Remember you can do this multiplication because you have a 2 by 2 and a 2 by 1. Whenever the 2 inner numbers are the same, you can multiply the two matrices.

This matrix is going to be, x plus 0, x. It's going to be 0 minus y. Think about this means in terms of transformation. Imagine that this matrix represents the point x,y. What's x,-y? X,-y is the reflection across the x axis. This matrix creates the transformation of reflecting across the x axis.

Matrices can represent transformations. Let's see what matrix b does. Here I'm multiplying the matrix x by matrix b. We get -x plus 0, -x. 0 plus y, y. Again, if I think of the original x matrix, as the point x,y in the plane, what's represented by this matrix -x,y. It's the reflection in the y axis. That's the point that has coordinates -x y. This matrix reflects points across the Y axis.

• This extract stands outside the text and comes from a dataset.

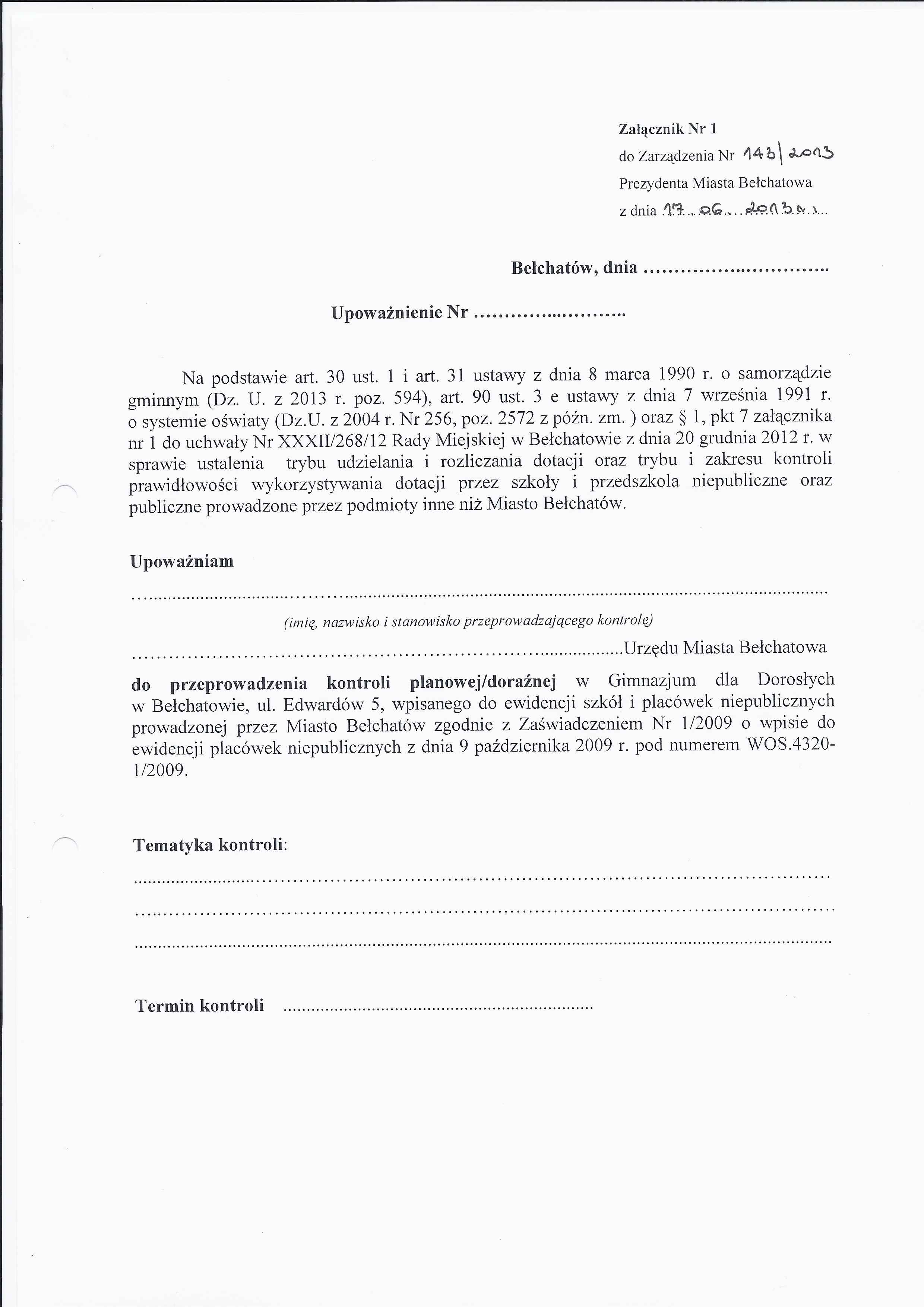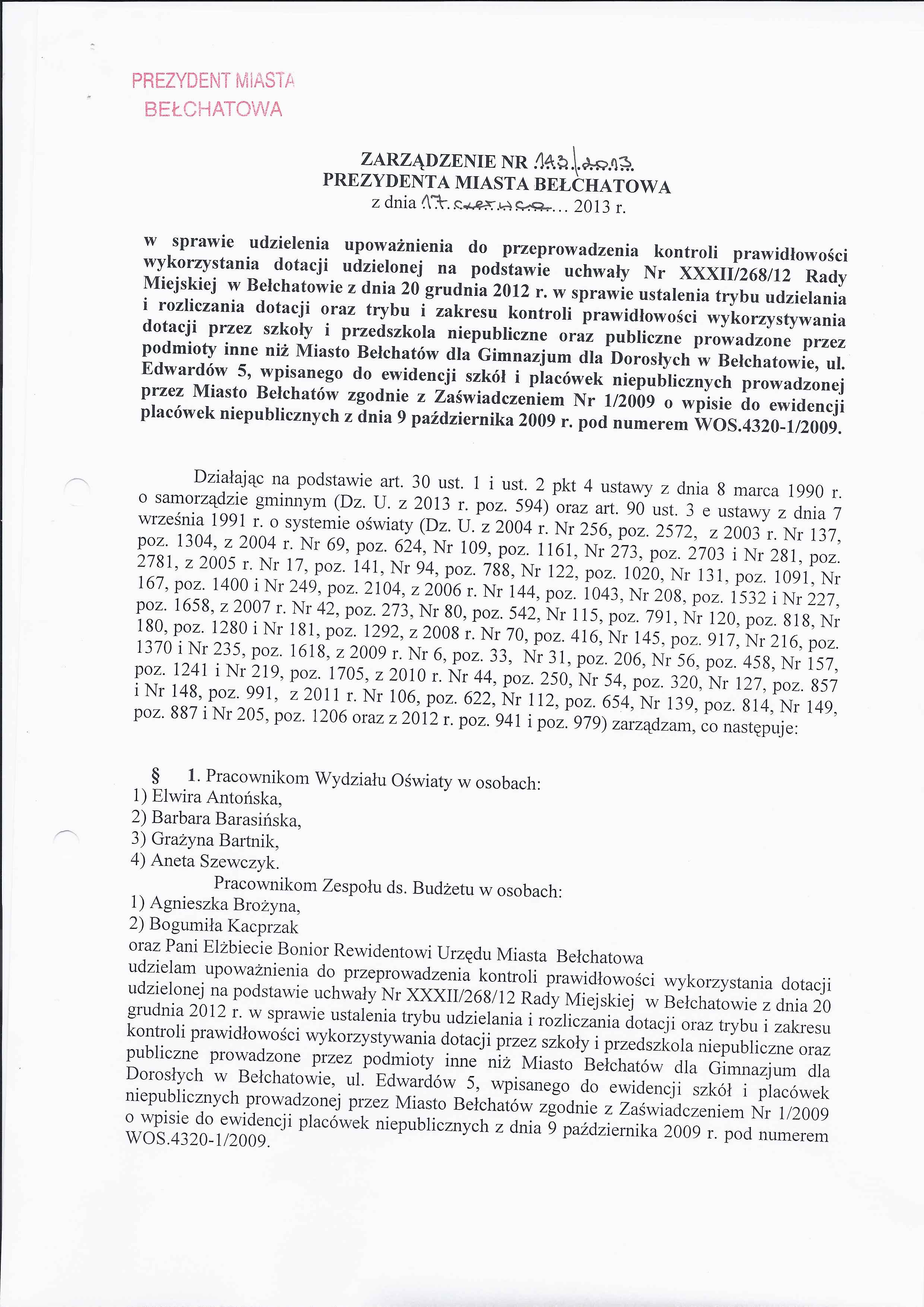 Zarządzenie Nr 143 z dnia 17 czerwca 2013 r. w/s udzielenia upoważnienia do przeprowadzenia kontroli prawidłowości wykorzystania dotacji udzielonej na podstawie uchwały Nr XXXII/268/12 Rady Miejskiej w Bełchatowie z dnia 20 grudnia 2012 r. w sprawie ustalenia trybu udzielania i rozliczania dotacji oraz trybu i zakresu kontroli prawidłowości wykorzystywania dotacji przez szkoły i przedszkola niepubliczne oraz publiczne prowadzone przez podmioty inne niż Miasto Bełchatów dla Gimnazjum dla Dorosłych w Bełchatowie, ul. Edwardów 5, wpisanego do ewidencji szkół i placówek niepublicznych prowadzonej przez Miasto Bełchatów zgodnie z Zaświadczeniem Nr 1/2009 o wpisie do ewidencji placówek niepublicznych z dnia 9 października 2009 r. pod numerem WOS.4320-1/2009

Now what happens if we multiply a and b first and then multiply the result by x? Let's do that. We get -1 plus 0, -1. 0 plus 0, 0. 0 plus 0, 0. 0 minus 1, -1. I multiply -1, 0, 0, -1 by x,y. I get -x, 0 -x, 0 minus y. The point x,y has become the point -x,-y. If x,y is right here, -x -y is down here. Both coordinates have been reversed.

That has the effect of reflecting across the y axis and then reflecting across the x axis. So it's like we got both transformations when we multiplied the two matrices. Multiplying matrices can give you a sequence of transformations.